# AVAILABLE DATA
= = = = = = =

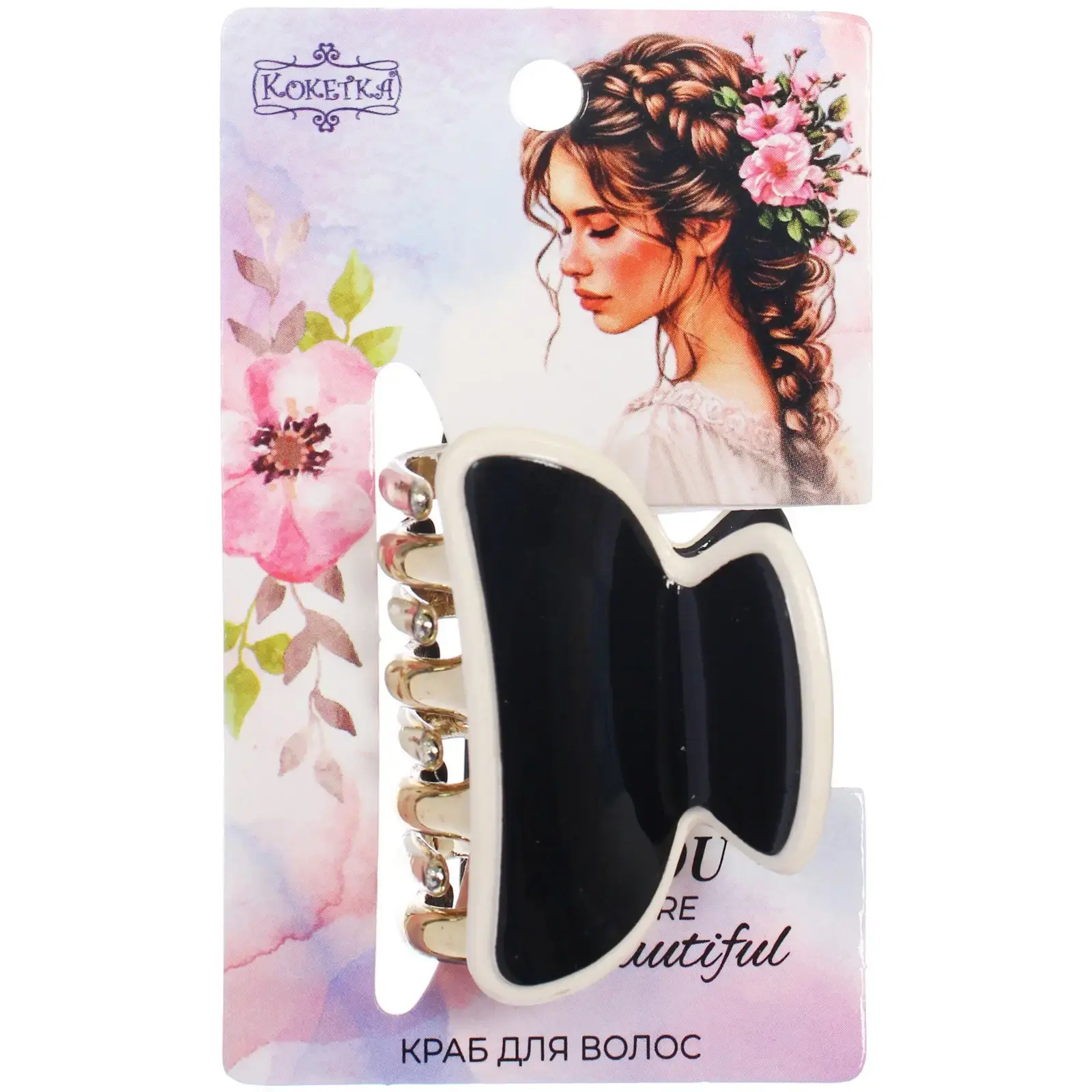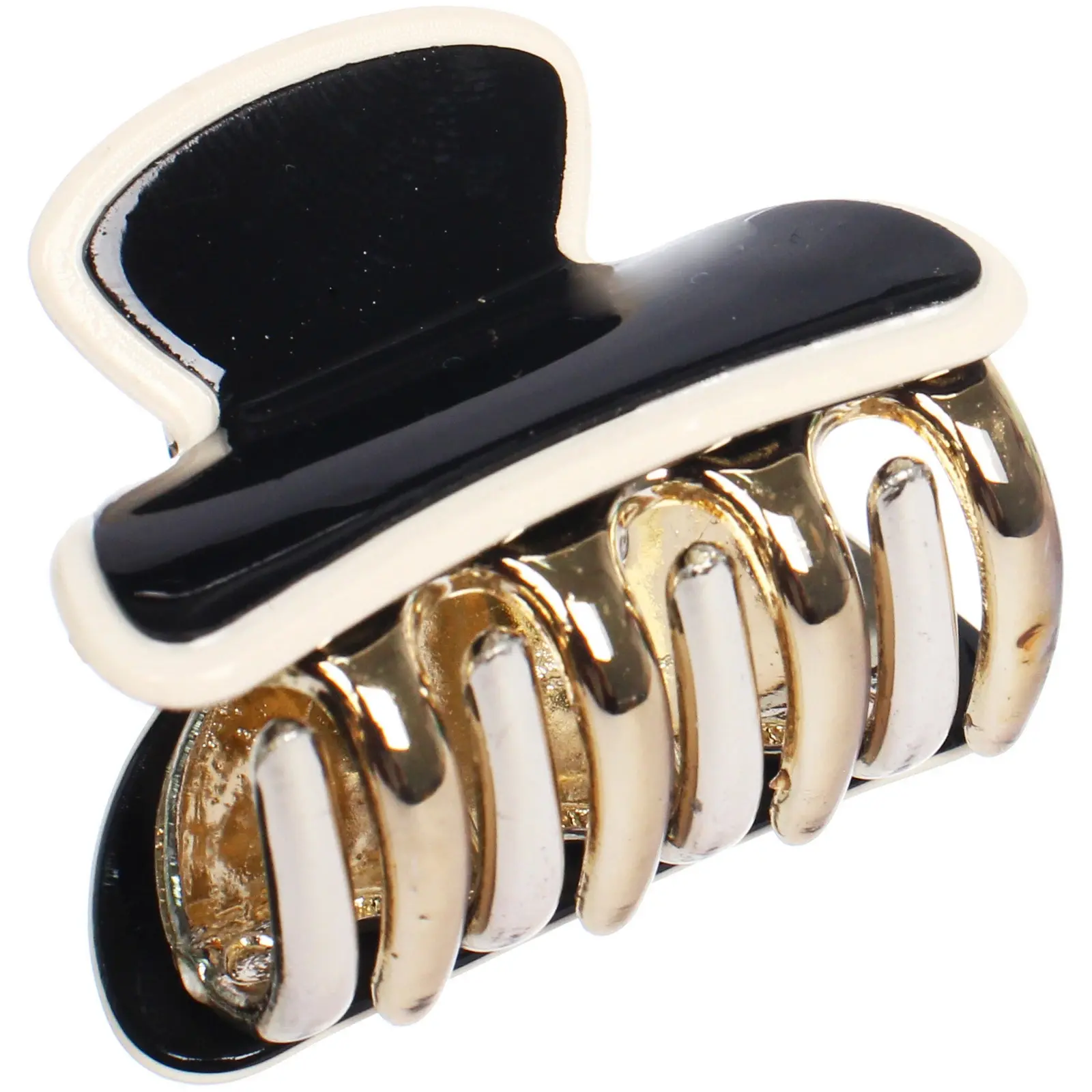 Корпус выполнен из гладкого пластика, зубцы — из прочного металла с золотистым и серебристым покрытием. Пружинный механизм обеспечивает плотное прилегание и комфорт при носке. Цвет — черный с белой окантовкой, отгружается один товар.
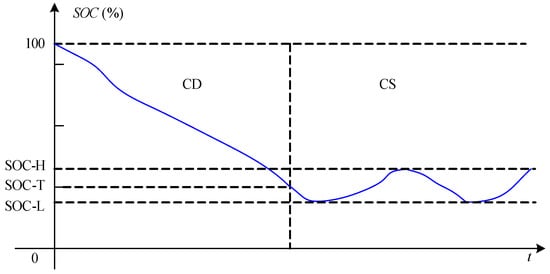 Figure 2. During the CD period, the SOC of the power battery continues to drop to SOC-T. In the CS period, the SOC is kept in the range of SOC-L and SOC-H.
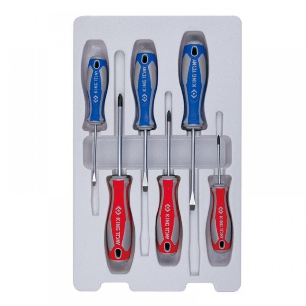 Набор отверток в коробке, 6 предметов – слесарный ручной инструмент для откручивания или монтажа элементов резьбовых соединений. Набор востребован в автосервисе и на производстве. В комплект входят 2 типа отверток – с крестообразным и прямым шлицом разных размеров.
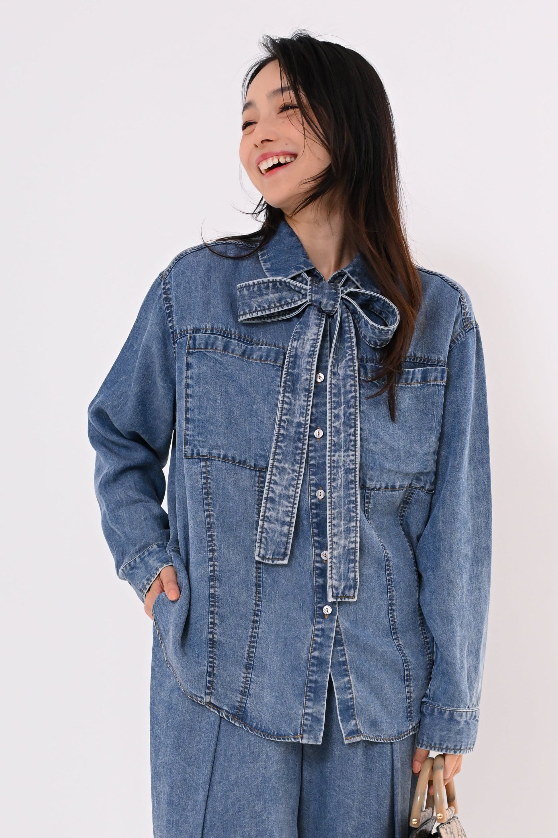 しなやかなテンセルデニムを使用した、女性らしさ漂うリボンタイ付きブラウス。

= = = = = = =

# WORK REQUIRED
Without including any picture, write out the material above verbatim.

# THE COMPLETED TASK
 Корпус выполнен из гладкого пластика, зубцы — из прочного металла с золотистым и серебристым покрытием. Пружинный механизм обеспечивает плотное прилегание и комфорт при носке. Цвет — черный с белой окантовкой, отгружается один товар.
 Figure 2. During the CD period, the SOC of the power battery continues to drop to SOC-T. In the CS period, the SOC is kept in the range of SOC-L and SOC-H.
 Набор отверток в коробке, 6 предметов – слесарный ручной инструмент для откручивания или монтажа элементов резьбовых соединений. Набор востребован в автосервисе и на производстве. В комплект входят 2 типа отверток – с крестообразным и прямым шлицом разных размеров.
 しなやかなテンセルデニムを使用した、女性らしさ漂うリボンタイ付きブラウス。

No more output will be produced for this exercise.